The source of the packet determines which chain it traverses initially. There are three predefined chains (INPUT, OUTPUT, and FORWARD) in the "filter" table. Predefined chains have a policy, for example DROP, which is applied to the packet if it reaches the end of the chain. The system administrator can create as many other chains as desired. These chains have no policy; if a packet reaches the end of the chain it is returned to the chain which called it. A chain may be empty.
Each rule in a chain contains the specification of which packets it matches. It may also contain a target. As a packet traverses a chain, each rule in turn examines it. If a rule does not match the packet, the packet is passed to the next rule. If a rule does match the packet, the rule takes the action indicated by the target, which may result in the packet being allowed to continue along the chain or it may not.
The packet continues to traverse the chain until either (1) a rule matches the packet and decides the ultimate fate of the packet (for example by calling one of the ACCEPT or DROP targets); or (2) a rule calls the RETURN target, in which case processing returns to the calling chain; or (3) the end of the chain is reached.
This example shows an already-configured workstation firewall.
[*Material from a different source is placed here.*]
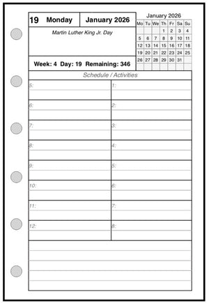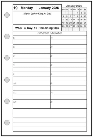 This is a daily and monthly planner insert for the Pocket Plus size notebooks. Page size is Pocket Plus 3½" x 5" (89mm x 127mm). Choose the week starting day as Sunday or Monday. Each day is on one page. The hourly appointment blocks are arranged vertically in 2 columns with times from 6:00 am through 7:00 pm. The appointment time range can be changed through customization.
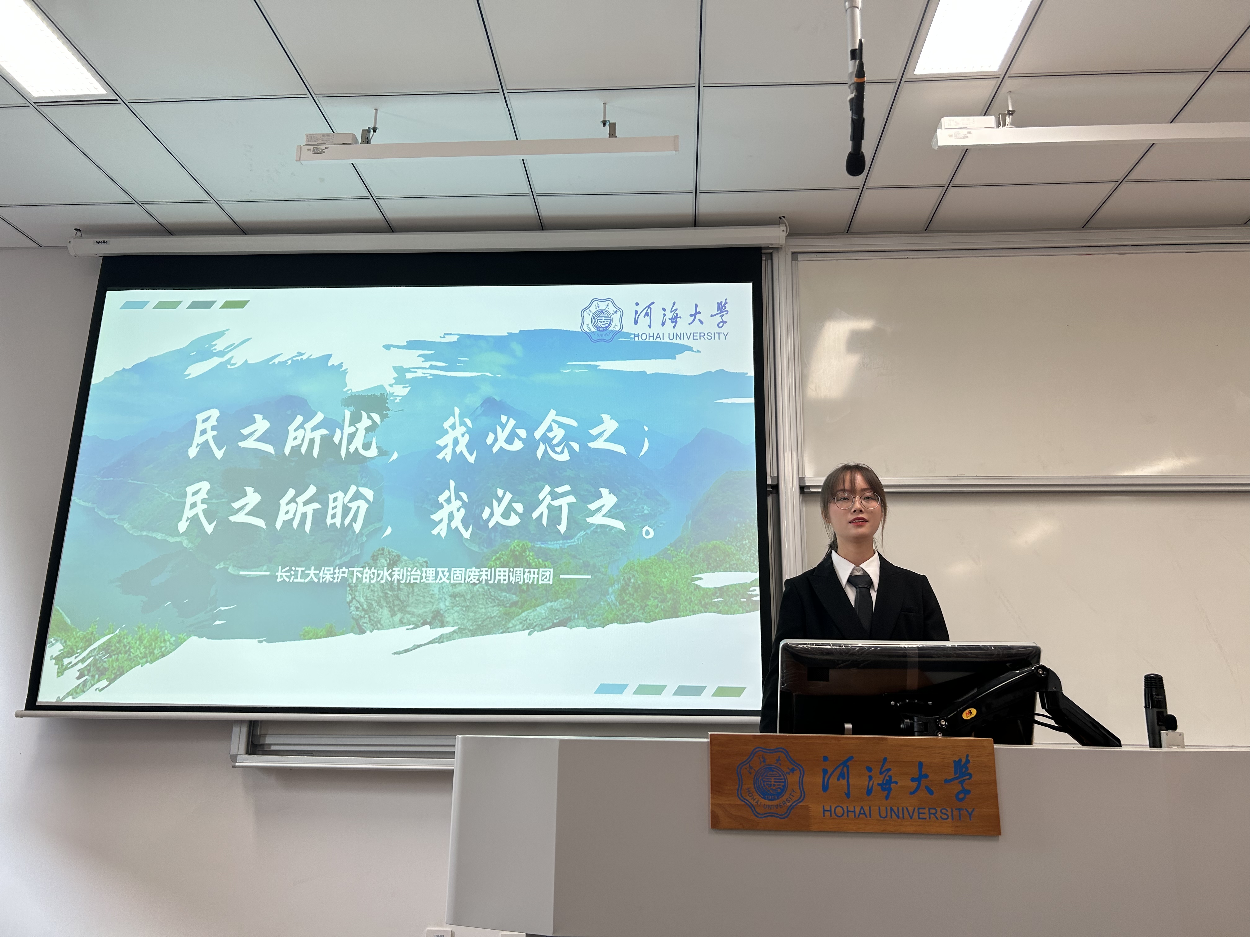 10支评优团队围绕暑期社会实践前分工准备、实践中的合作调研、实践后的成果影响等方面进行了详细地汇报,在国家水网建设、推动长江经济带发展、延续红色血脉、校友寻访、乡村振兴等多个方面完成了实践。团队代表在展示暑假社会实践成果的同时,也深刻阐述了此次实践的收获与感悟,坚定了水之子的前行方向。

The command "iptables -L" is executed by user root to display the firewall configuration.
* iptables -nvL
Chain INPUT (policy DROP)
target prot opt source destination
ACCEPT all -- localhost.localdomain localhost.localdomain
ACCEPT all -- anywhere anywhere state RELATED,ESTABLISHED
REJECT all -- anywhere anywhere
Chain FORWARD (policy DROP)
target prot opt source destination
Chain OUTPUT (policy ACCEPT)
target prot opt source destination
Before proceeding further one should be aware of the three predefined chains of IPtables.
* INPUT
* OUTPUT
* FORWARD
INPUT
As the name explains this chain comes into picture when any packet is destined towards the system.
OUTPUT
This chain has to be configured when thinking of sending packet to other machines in the network.Usually we don't configure this chain.As it's default policy is ACCEPT.
FORWARD
This chain comes into picture when any packet in the network travels from 1 system 2 the other via the gateway, then FORWARD chain on the gateway has to be configured in such a way that it should accept the packets for forwarding.
Adding rules to IPTABLES
* iptables -I INPUT -s 192.168.20.0/24 -j ACCEPT
* iptables -I FORWARD -s 192.168.20.0/24 -j ACCEPT
* iptables -A FORWARD -s 192.168.20.0/24 --dport 80 -j ACCEPT
* iptables -I FORWARD -d 192.168.20.0/24 -j DROP
(Where I/A are to specify the priority of the ip rule, I is the inserting to the highest priority and A is appending it to the last)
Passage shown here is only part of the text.